I really want to put this to work, that is the reason i bought it …
Please, can you help me ?
I’m trying but everything points to a problem with your specific system and not an issue with the compiler. As you point out, the code does compile and run successfully on other systems, just not yours.
This is why I’d like you to compile and run a CUDA C program using nvcc. If this works, then it’s a problem with the PGI installation. If it fails in the same way, then it’s a problem with your system.
PS: the compilator was working properly with the same code. The problem SEEMS to have started after i’ve tryed to write the result of a code in an output text file, (using WRITE at the fortran code).
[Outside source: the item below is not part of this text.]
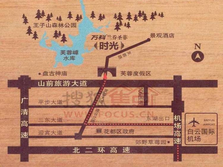 万科兰乔圣菲位于广州市花都区山前大道省级旅游度假区-芙蓉嶂度假区内,占地20万平米,建筑面积14万平米,容积率0.43,由512-1200平米独立别墅和250平米叠加别墅组成。由广清高速狮岭出口沿山前大道或走机场高速太成出口、沿建设北路、芙蓉大道都可进入项目

Do you think the graphic card can be with memory problem from that time ?
If I understand this correctly, the “Mol_Dyn.f90” code was working until you added the WRITE statement? What happens if you remove the WRITE statement? Is accelerator code still being generated when the WRITE statement is removed?
FYI, a WRITE statement shouldn’t cause this error. However, what could be happening is that without the write statement, dead code elimination optimization is removing the accelerated code. This pure speculation, though, and until I have more details I don’t know for sure.
Again, having the full output from a run where you have the environment variable “PGI_ACC_DEBUG” set to 1, may be helpful.
PS 2: the previous simple program picalc.f90 is also giving a similar memory error :
Have you modified this code from your first post? You’re no longer getting the “sum reduction” message.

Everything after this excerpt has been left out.